- [Dataset records]:
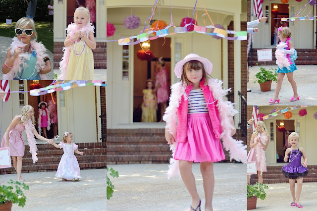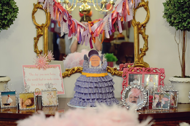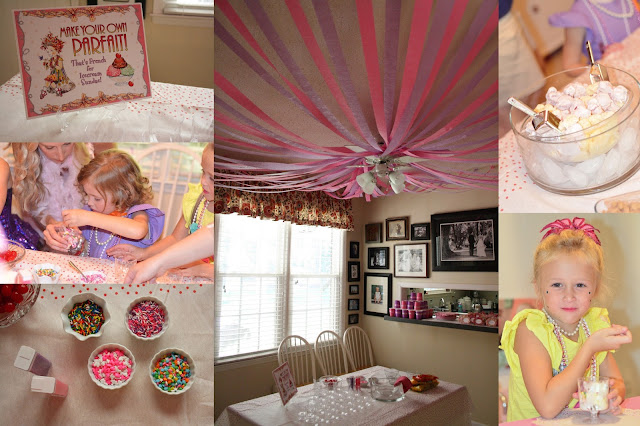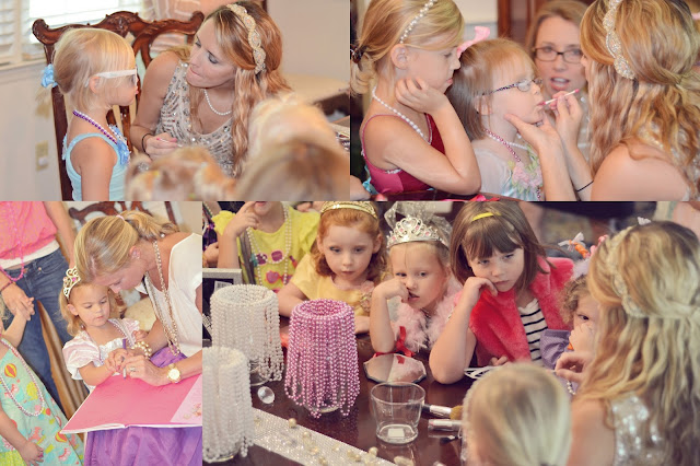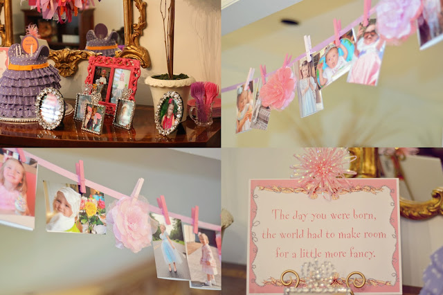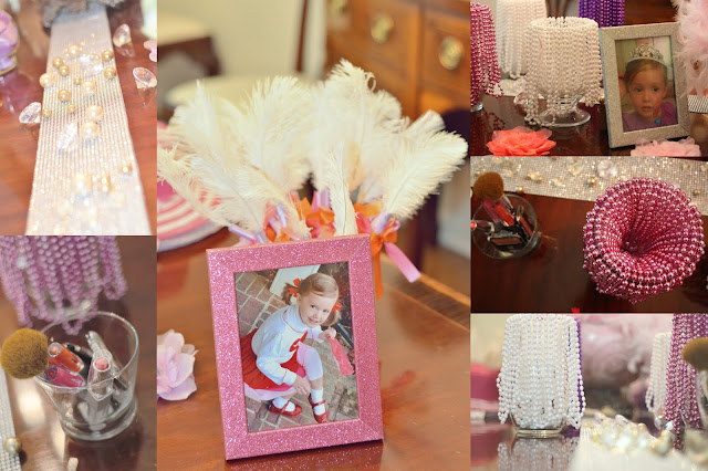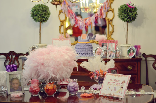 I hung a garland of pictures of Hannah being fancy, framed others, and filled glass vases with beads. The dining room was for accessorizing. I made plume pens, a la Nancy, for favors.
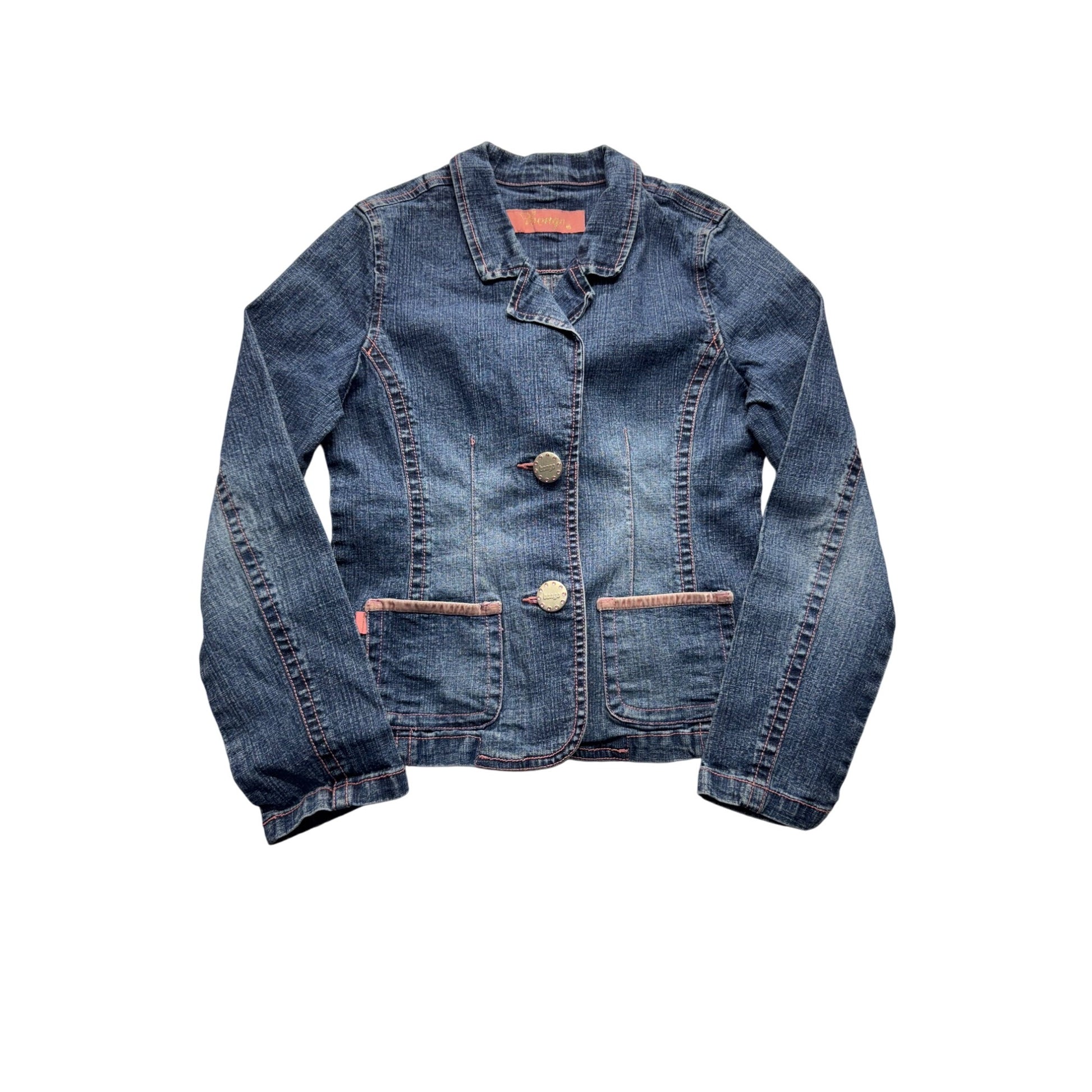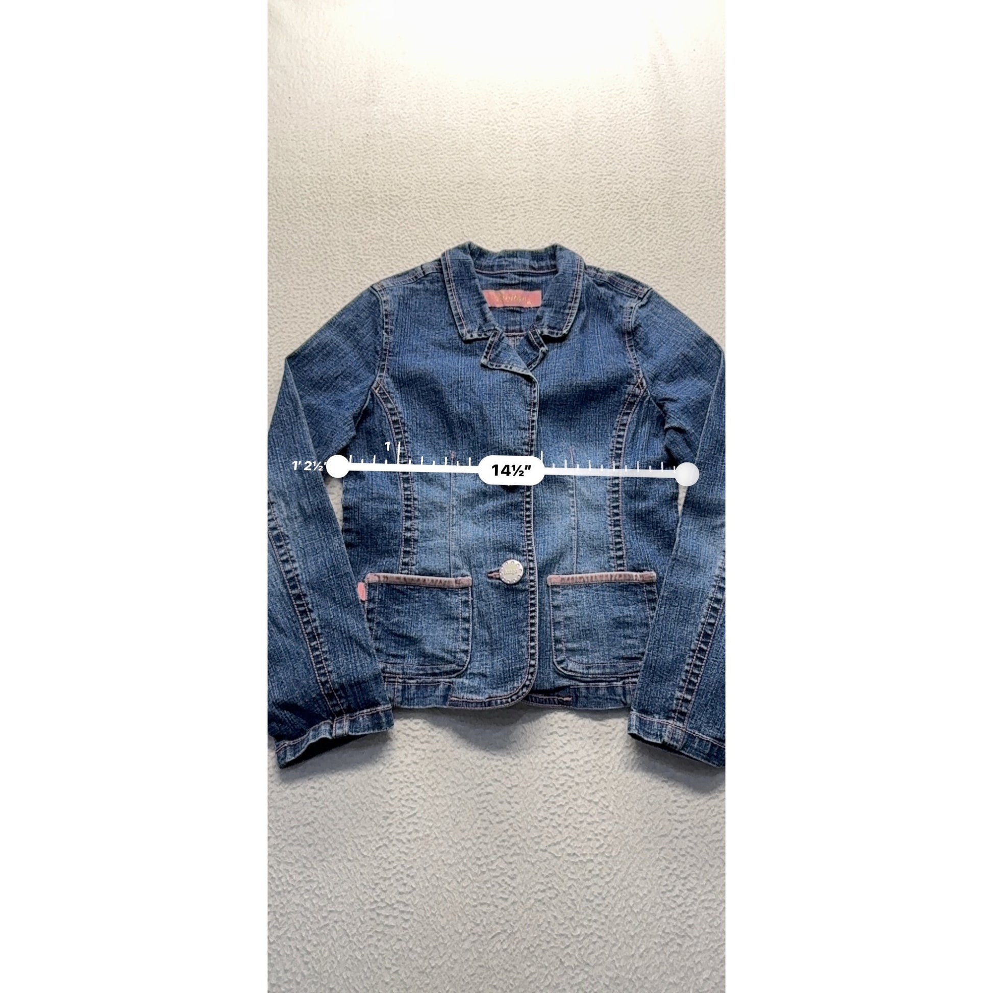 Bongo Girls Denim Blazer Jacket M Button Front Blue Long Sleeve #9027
...
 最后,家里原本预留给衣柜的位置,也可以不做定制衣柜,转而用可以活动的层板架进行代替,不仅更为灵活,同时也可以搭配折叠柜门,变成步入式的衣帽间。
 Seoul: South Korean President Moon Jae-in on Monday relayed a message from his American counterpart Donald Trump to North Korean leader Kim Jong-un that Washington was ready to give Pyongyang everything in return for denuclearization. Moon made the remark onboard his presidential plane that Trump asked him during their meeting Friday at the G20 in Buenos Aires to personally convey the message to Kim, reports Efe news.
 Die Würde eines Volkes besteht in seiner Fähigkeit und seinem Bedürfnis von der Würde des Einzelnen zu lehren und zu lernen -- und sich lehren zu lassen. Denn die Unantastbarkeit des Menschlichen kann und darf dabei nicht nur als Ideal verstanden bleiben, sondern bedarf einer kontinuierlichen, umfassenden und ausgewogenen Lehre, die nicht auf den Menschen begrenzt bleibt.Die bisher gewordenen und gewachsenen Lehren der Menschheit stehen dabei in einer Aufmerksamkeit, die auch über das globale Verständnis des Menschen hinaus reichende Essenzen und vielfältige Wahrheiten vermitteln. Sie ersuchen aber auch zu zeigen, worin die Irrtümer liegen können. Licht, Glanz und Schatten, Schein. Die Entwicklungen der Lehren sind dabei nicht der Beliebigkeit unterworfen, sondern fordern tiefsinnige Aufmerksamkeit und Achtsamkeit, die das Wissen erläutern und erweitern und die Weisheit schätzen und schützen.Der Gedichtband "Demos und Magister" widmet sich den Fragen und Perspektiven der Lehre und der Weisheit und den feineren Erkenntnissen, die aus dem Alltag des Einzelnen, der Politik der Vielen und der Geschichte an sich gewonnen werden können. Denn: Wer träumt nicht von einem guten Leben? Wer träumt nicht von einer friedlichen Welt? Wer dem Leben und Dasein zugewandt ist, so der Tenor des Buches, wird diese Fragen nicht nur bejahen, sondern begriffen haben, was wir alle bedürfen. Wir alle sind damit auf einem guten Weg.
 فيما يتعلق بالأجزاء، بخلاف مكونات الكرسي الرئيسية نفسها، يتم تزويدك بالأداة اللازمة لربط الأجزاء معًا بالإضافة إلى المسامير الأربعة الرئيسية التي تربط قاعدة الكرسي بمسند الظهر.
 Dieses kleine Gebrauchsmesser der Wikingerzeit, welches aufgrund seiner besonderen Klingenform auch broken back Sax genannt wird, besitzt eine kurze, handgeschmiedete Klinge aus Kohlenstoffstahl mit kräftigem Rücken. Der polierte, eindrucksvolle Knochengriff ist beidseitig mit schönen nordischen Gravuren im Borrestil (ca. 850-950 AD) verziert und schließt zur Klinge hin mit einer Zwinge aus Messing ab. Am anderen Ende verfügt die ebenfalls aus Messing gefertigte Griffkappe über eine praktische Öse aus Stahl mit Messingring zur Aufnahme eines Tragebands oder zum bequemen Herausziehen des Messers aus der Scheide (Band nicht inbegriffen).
==
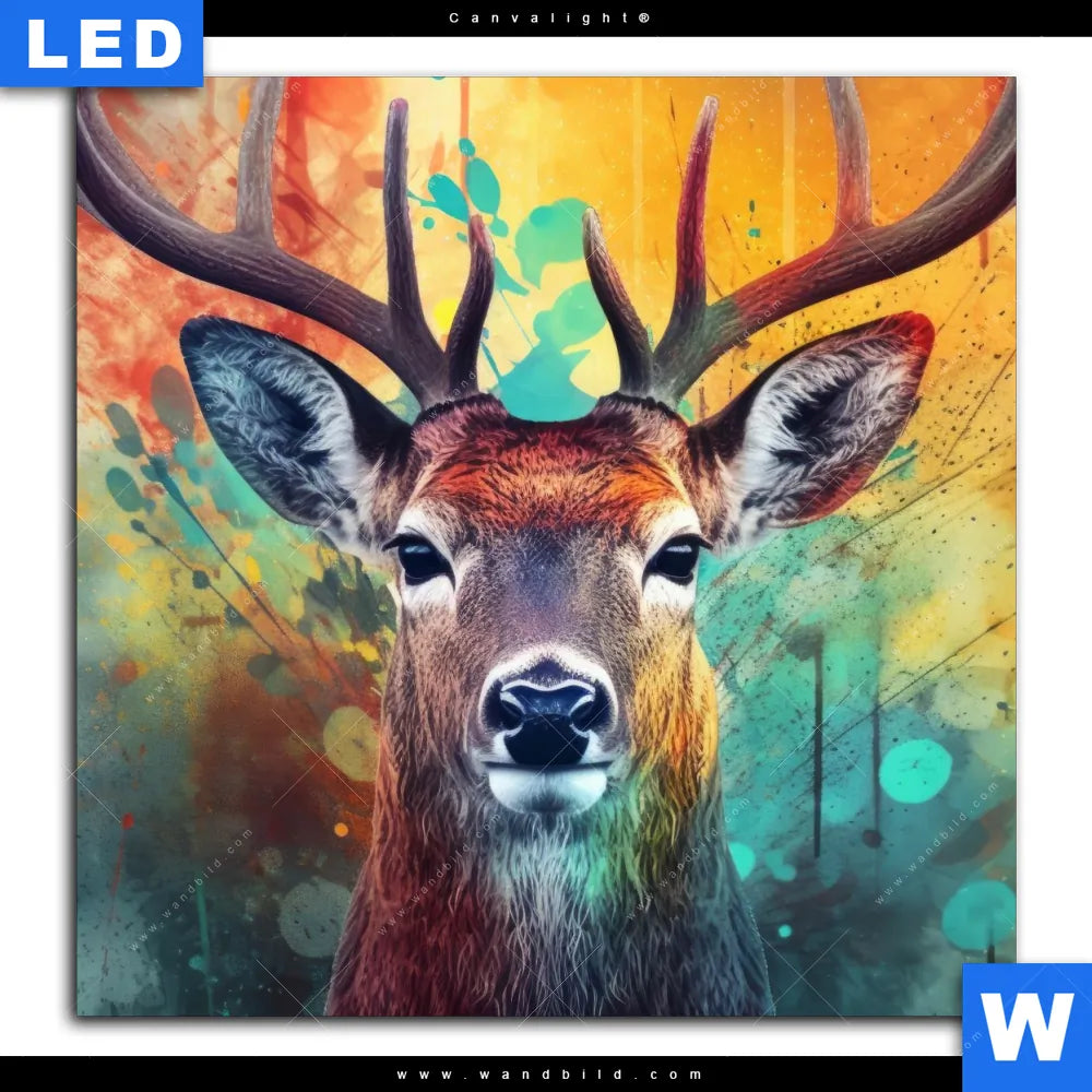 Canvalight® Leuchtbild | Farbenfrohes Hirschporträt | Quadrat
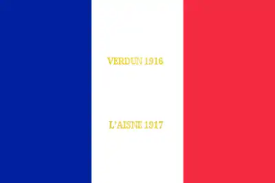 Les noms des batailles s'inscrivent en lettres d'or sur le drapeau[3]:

- [How to complete this task]: Starting at the line with "I hung a garland" and finishing at the line with "Bongo Girls Denim", copy the material above exactly, both lines included. Nothing else goes in, and no pictures.

- [Problem solution]:
 I hung a garland of pictures of Hannah being fancy, framed others, and filled glass vases with beads. The dining room was for accessorizing. I made plume pens, a la Nancy, for favors.
 Bongo Girls Denim Blazer Jacket M Button Front Blue Long Sleeve #9027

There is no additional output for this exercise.